Prawdopodobnie szczur chciał się wydostać z mydłem ale nie udało mu się przecisnąć mydła.
Tymczasowo zastawiłem dziurę i wysypałem ziarno na zewnątrz garażu i w środku. Muszę cały garaż przejrzeć czy jeszcze nie ma gdzieś dziur. -
@tom83ek jaki masz garaż ? Drewniany ?
-
@Jaco- Blaszak obity od środka deskami
-
@tom83ek ja też mam blaszak ale w środku mam styropian. Oczywiście tu gdzie są półki i szafki od dołu obgryzione przez myszy ale na chwilę obecną mam spokój.
-
-
Tu pole nie ma znaczenia. Myszy panoszą się wszędzie.
-
@Jaco- powiedział w Walka z gryzoniem w garażu:
Tu pole nie ma znaczenia. Myszy panoszą się wszędzie.

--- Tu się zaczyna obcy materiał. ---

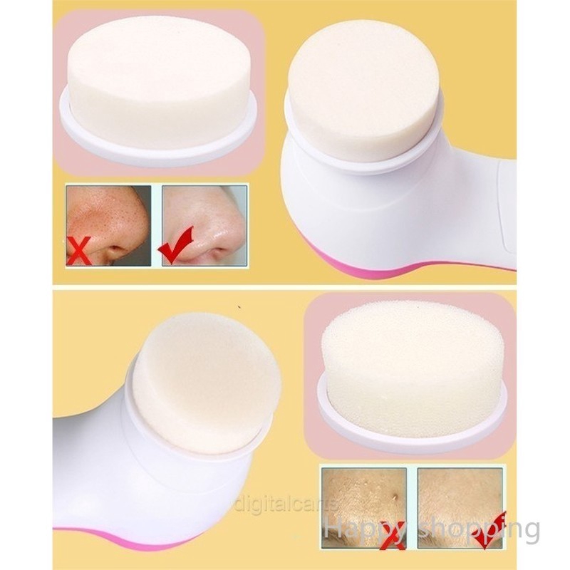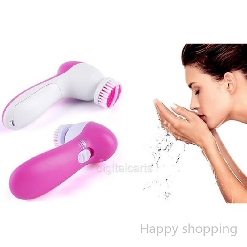 Vibrate Electric Facial Cleansing Brush Face Cleanser Skin Care Wash Machine Specifications: Brand New & High quality. Type: Facial Cleansing Brush Color: rose red Requires 2 AA batteries Size: 13.1cmx8.5cm; Body color: rose red Body material: ABS; Function: -Helps you achieve beautifully clear and radiant skin -Gently loosening and removing dirt, excess oils, exfoliating dead skin cells to reduce the size of your pores -ncreasing circulation, stimulating tissue regeneration and collagen production to reduce wrinkles Features: -Two speeds for choice, Gentle Feeling & Smooth Feeling -Battery operated, ready to be used whenever and wherever Package Included: 1 * 5 in 1 Facial Massager with 5 Different Rotating Heads(Batteries Not Included) Precautions: 1: allergic skin and easily swollen skin Do not use. 2: When using a clean brush on the skin do not press too tight, when used to feel comfortable is appropriate. Start using the time control within 2 minutes, followed by the use of gradually increase the time and frequency. 3: scrub head can not be used in the face Instructions for use: water wash face cream squeezed in his face a few rubbing with a hand then wash face cleansing instrument can be. Brush head: thoroughly clean the dirt attached to the face, in-depth clean the skin, clean the effect of oil control effect is better Sponge head: massage, cleaning at the same time, to absorb oil, cosmetics residues Latex Head: For deep cleaning around the eyes and cheeks, eliminate fatigue, remove dark circles Scrub head: Effectively remove the hands, feet, aging skin, make the skin more compact Ball massage head: increase massage intensity, face-lift effect is obvious on the face, hands, feet massage, promote blood circulation, allowing you to younger and younger, can promote blood circulation, anti-aging.

Znakiem tego - idzie jesień... Myszy zawsze na jesień pchają się do zabudowań.
-
Idą tam, gdzie mają pewne pożywienie. A przy człowieku niemal każde zwierzę znajdzie coś dla siebie...
Stąd się biorą lisy, a nawet dziki w środku ludzkich siedlisk. -
U moich sąsiadów stado dzików z maciorą na czele zorało poletko ziemniaków kilka dni temu..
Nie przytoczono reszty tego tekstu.